The exhibition “We Shall Overdraft” comprises sculptures and short films that were conceived and filmed in Roy Menachem Markovich’s living/studio space – a collapsing garage in a neighbourhood of rickety repair shops and artists’ studios in the south of Tel Aviv.
A series of “Desktop Graves” were created, small sculptures made from found materials and waste such as cardboard, old bread, pieces of plastic, broken glass or pieces of metal. The precariously assembled objects serve as models of heroic monuments and memorials that can be found everywhere in Israel with its turbulent history, in parks, on street corners and in squares.

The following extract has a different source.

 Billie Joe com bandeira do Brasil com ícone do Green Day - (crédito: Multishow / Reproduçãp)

The videos also play with concealed illusion. Eerie things happen in short, slapstick-like sketches: bushes and stones move by ghostly hands, but obviously not with sophisticated digital video technology. Everything appears fragile, patched together and makeshift. The lovingly crafted model of a sushi bar shatters into a thousand pieces, a bland office becomes a jungle of plastic plants and cardboard bricks.
In the video “Diamonds Forever”, staged in the style of an investigative fake documentary, the protagonist, the artist himself, finds glittering stones in his newly occupied studio. The artist, in search of happiness and wealth and fuelled by diamond fever, finally destroys his studio in blind greed.

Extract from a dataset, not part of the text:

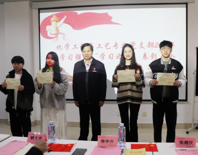 用好学习强国,争当学习之星。支部开展了2021年度学习强国“学习之星”表彰大会,经过一年的比学赶超,支部脱颖而出了陈儒斌等4名学生党员学习强国年度积分达到18000以上的好成绩。现场詹书记为这4名同志颁发学习强国“学习之星”荣誉证书以资鼓励,激发党员学习的热潮。
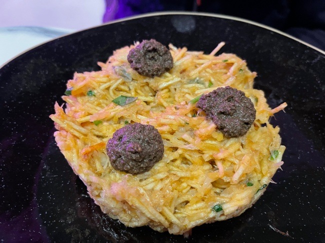 감자튀김처럼 생겼지만 양파, 감자와 함께 흰살 생선을 함께 튀긴 요리였다. 맨 위에는 검은 올리브 소스-

What is real, is it all illusion? Utopia proves to be a precarious backdrop. The imperfect and inadequate emerge. A sense of sadness and inevitability creeps in alongside the comedy and absurdity.

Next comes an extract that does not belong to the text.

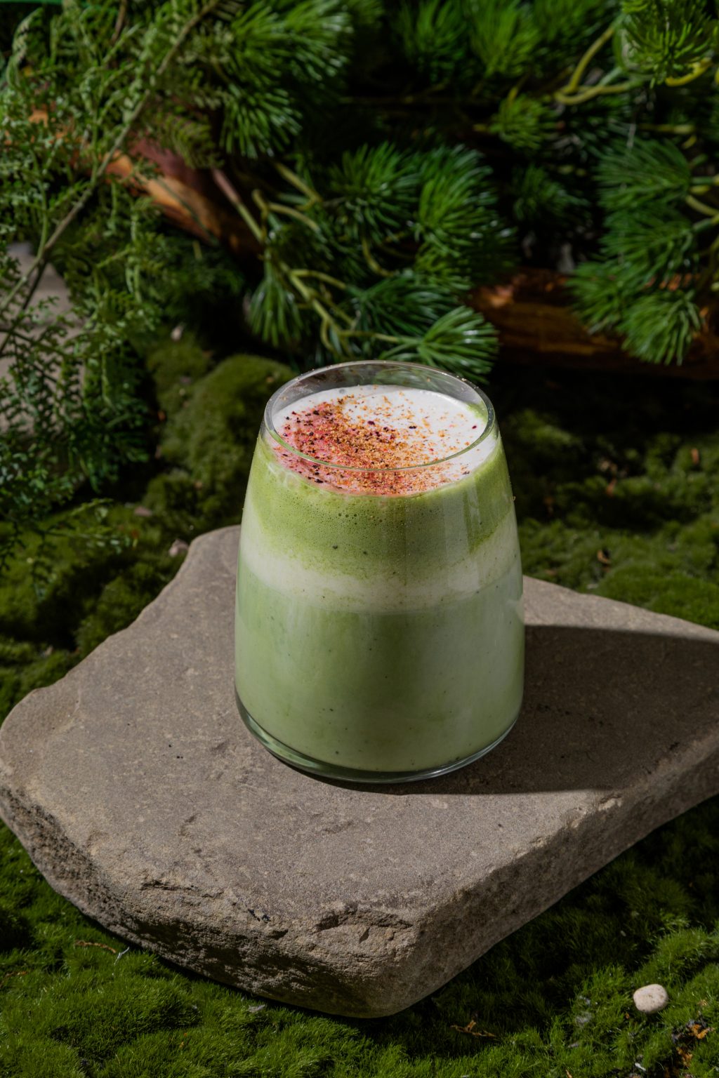 Матча-шейк с белым шоколадом, кокосовым молоком и кленовым сиропом. За счет воздушной текстуры напиток напоминает настоящий молочный коктейль, но с приятной травяной горчинкой матчи и деликатной сладостью кленового сиропа.

The video trilogy “And We Worked” examines the mechanisms of documenting and preserving the collective memory of the Holocaust. Holocaust survivor Elisaveta, Roy’s grandmother, tries to tell her story from life in the small Slovakian village to the terrible events in the concentration camp in front of the camera. But the old woman’s life story remains unheard and disappears behind the routine and institutionalisation of the culture of remembrance of the Israeli trauma.
On Tuesday, 2 October, Roy Menachem Markovich will talk to art historian and author Katarina Holländer about his current exhibition and life as an artist in Tel Aviv.
“We Shall Overdraft” is Roy Menachem Markovich’s (born 1979 in Tel Aviv) first comprehensive solo exhibition outside of Israel.